A picnic turned into a game of survival for Squid Game: The Challenge’s Player 301 Trey Plutnicki and his mother LeAnn Wilcox Plutnicki, a.k.a. Player 302.
The pair chatted about the experience of being pitted against each other in a surprise game of Marbles. “I think we knew right away what was happening,” LeAnn says of Trey’s immediate instinct to search their picnic basket when the remaining players partnered up for a supposed treat.
As a reality TV superfan, Trey was hoping to find a clue or hidden advantage. “My reality competition background is based pretty heavily in,” he explains. “So [I had] seen two advantages fly by the wayside [during Squid Game], and in Survivor, if the advantage is gone, it’s re-hidden. And I was like, ‘There’s got to be something in here, man. There surely is something.’”
LeAnn confirms she was also constantly “looking for clues” during her time on the game, riffling through her meal tins and scouring canisters and cabinets in the communal kitchen. But because she was always looking for something that might help her advance in the game, she couldn’t have imagined the stakes of succeeding in her search. “We didn’t know what kind of game we were playing,” she says of the unpredictable sequences of games leading up to Marbles. “We didn’t know what it was until it hit us.”
Instead of getting a boost, the duo were faced with the dire realization one of them would be responsible for the other’s demise.

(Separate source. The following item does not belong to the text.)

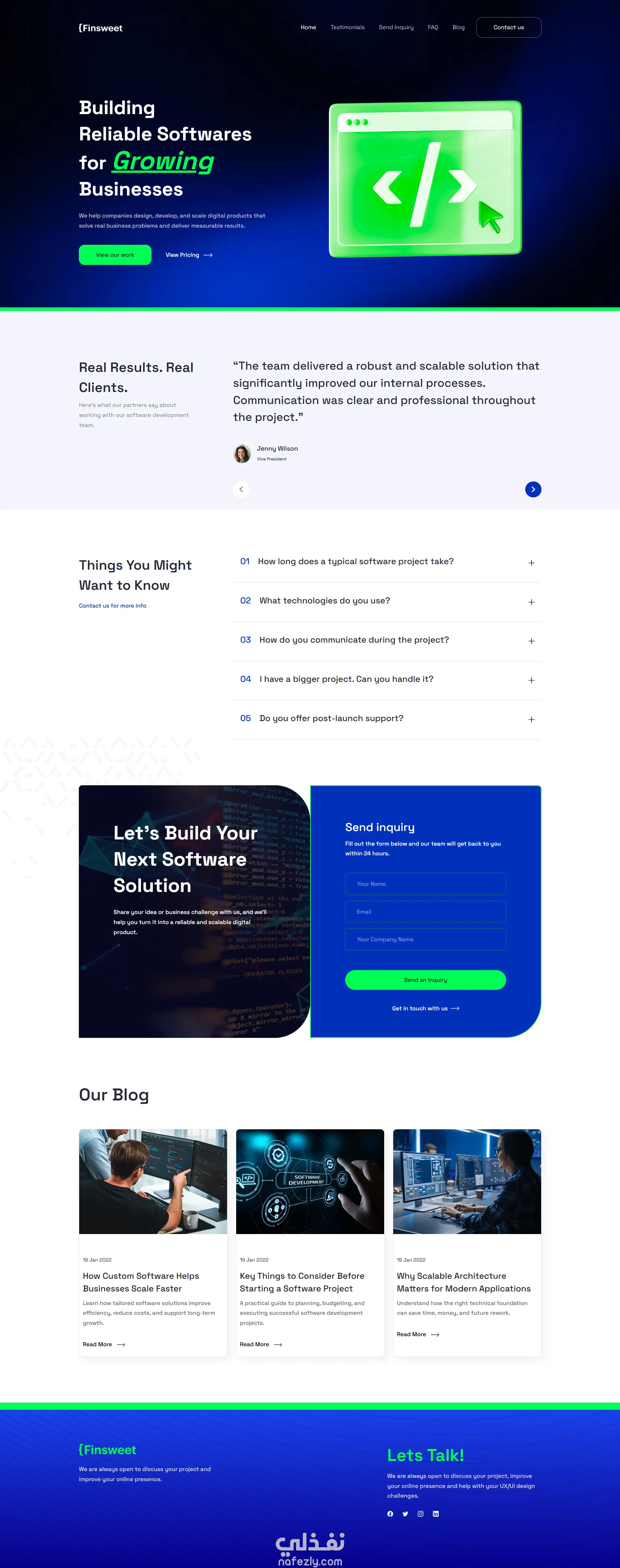 تطوير صفحة هبوط Landing Page لشركة حلول برمجية

“Before we even took a bite of food, I found the marbles,” Trey recalls. “And when we found it I was just like, ‘Let’s just let everyone have a really nice meal together,’ and we didn’t talk about it.”
With their competitors none the wiser, mother and son tried to make the most of the minutes they had left with each other in what had otherwise been a surprisingly smooth game.
For her part, LeAnn was struggling to come to terms with her and Trey’s inevitable separation. “I didn’t want to [play the game] with him,” says LeAnn, “but then he gave me his perspective in the moment.” So, the former college basketball player summoned her athletic skills and her competitive drive to take out her son — just as he prepared to do the same to her.
The ultimate irony is that they might have been the only ones who actually could have gotten the other out of the competition. Up to that point, they’d face almost no resistance from the other players, even though targeting a mother-son alliance seems like it would have been an obvious and easy choice.
Though LeAnn reveals they’d “intended to play a good portion of the game with [the fact we are mother and son] as our secret,” Trey’s palpable relief after his mom narrowly avoided elimination in the first game of Red Light, Green Light quickly gave their closeness away.
“And for better or for worse, we were associated in that way,” he says.
“I think part of our strategy was we divided and conquered. So I would take one half of the dorm, she’d take the other half,” he explains. “And ultimately I think it worked out in our favor. I think people looked at us and said, ‘That’s a strong duo that we need to break up.’ But I don’t think anybody in there had the heart to do that because we were close with so many people.”
So it was really a master stroke of fate — not to mention great TV — that the show’s only two family members had to feud in order to stay in the running for the show’s record-breaking $4.56 million prize.
Ultimately, Trey was eliminated shortly thereafter in the Glass Bridge challenge.
With LeAnn scheduled to fly back home to New Jersey the following morning, she was getting anxious she might not get another chance to see her son, who lives in Chicago. Finally she heard a “soft knock” on her door at what “must’ve been like 2:30 in the morning.”
She says, “It was not only Trey with one of our great welfare people from the studios, but also James [Player 269]. And I was prepared, if Trey knocked, to console him because I knew he was going to be devastated.”
Instead, she shares, “I was so surprised at how almost jubilant both of them were. And I think I realized right away they were both just really so happy to have played, but also happy to have played the way they played, becauseJames was one of the kindest people I’ve ever met. And he was truly that person in the game. So it was just so great to talk to them in the room. And I don’t know, it was like the beginning of the great post-experience of all this. That moment was such a good moment.”
Squid Game: The Challenge’s season 1 finale drops Wednesday on Netflix.